Die Verurteilung von Catalin Dragomir markiert einen seltenen Erfolg für US-amerikanische Behörden. Cyberkriminelle, die speziell Regierungssysteme angreifen, werden nur selten gefasst und strafrechtlich verfolgt. Dragomir war im November 2024 in Rumänien verhaftet und daraufhin in die USA überstellt worden.
Das kriminelle Geschäftsmodell des heute Verurteilten war bemerkenswert systematisch: Unter dem Online-Alias “inthematrixl” tätigte Dragomir seine Geschäfte im Dark Web. Im Juni 2021 inserierte er gezielt Administratorzugangsberechtigungen für die Netzwerke des Oregon Office of Emergency Management. Zuvor hatte er die Systeme mehrfach durchbrochen und konnte so authentische Zugangsdetails anbieten – komplette mit Screenshots als Beweis für Kaufinteressenten.

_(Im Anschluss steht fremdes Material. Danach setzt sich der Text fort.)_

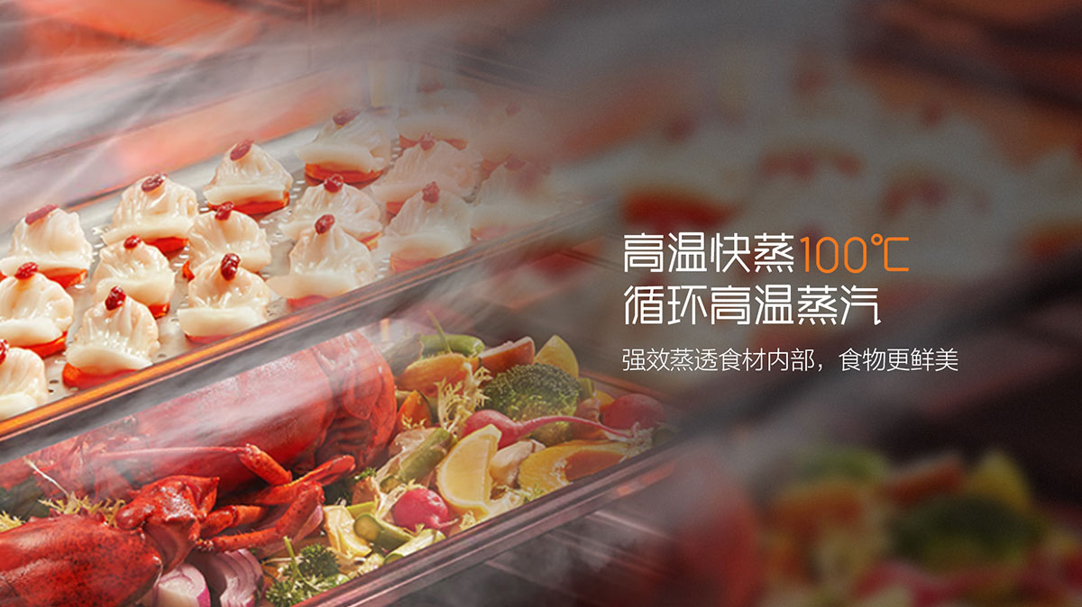 - 360°立體環(huán)噴技術(shù),加速動(dòng)態(tài)蒸汽內(nèi)循環(huán),食物鎖鮮更營(yíng)養(yǎng)

Die Angebote waren erfolgreich. Dragomir verkaufte die gestohlenen Credentials und verdient damit Geld durch den Weiterverkauf sensibler Zugangsberechtigungen. Die erbeuteten Daten umfassten neben den Anmeldeinformationen auch persönliche Informationen eines Mitarbeiters: vollständiger Name, E-Mail-Adresse, Geburtsdatum und Sozialversicherungsnummer. Das Ausmaß der Datenexfiltration verdeutlicht das Risiko, das von solchen Angriffen ausgeht.
Über den Oregon-Hack hinaus war Dragomir für Angriffe auf mindestens zehn weitere amerikanische Unternehmen verantwortlich. Der Gesamtschaden belief sich auf über 250.000 US-Dollar. Ursprünglich hätte der Rumäne bis zu sieben Jahre Freiheitsstrafe erhalten können – das Gericht verhängte letztendlich 56 Monate.
Für deutsche und europäische Behörden sowie Unternehmen birgt dieser Fall wichtige Lektionen. Cyberkriminelle arbeiten international und zunehmend spezialisiert. Die Tatsache, dass Administratorzugangsberechtigungen auf Cybercrime-Plattformen gehandelt werden, ist seit Jahren bekannt, bleibt aber eine persistente Bedrohung. Das BSI empfiehlt daher Behörden und kritischen Infrastrukturen, ihre Zugriffskontrollen zu verschärfen und Multi-Faktor-Authentifizierung flächendeckend einzuführen. Auch Unternehmen sollten Zugangsdaten strikter überwachen und Schwachstellenmanagement verbessern.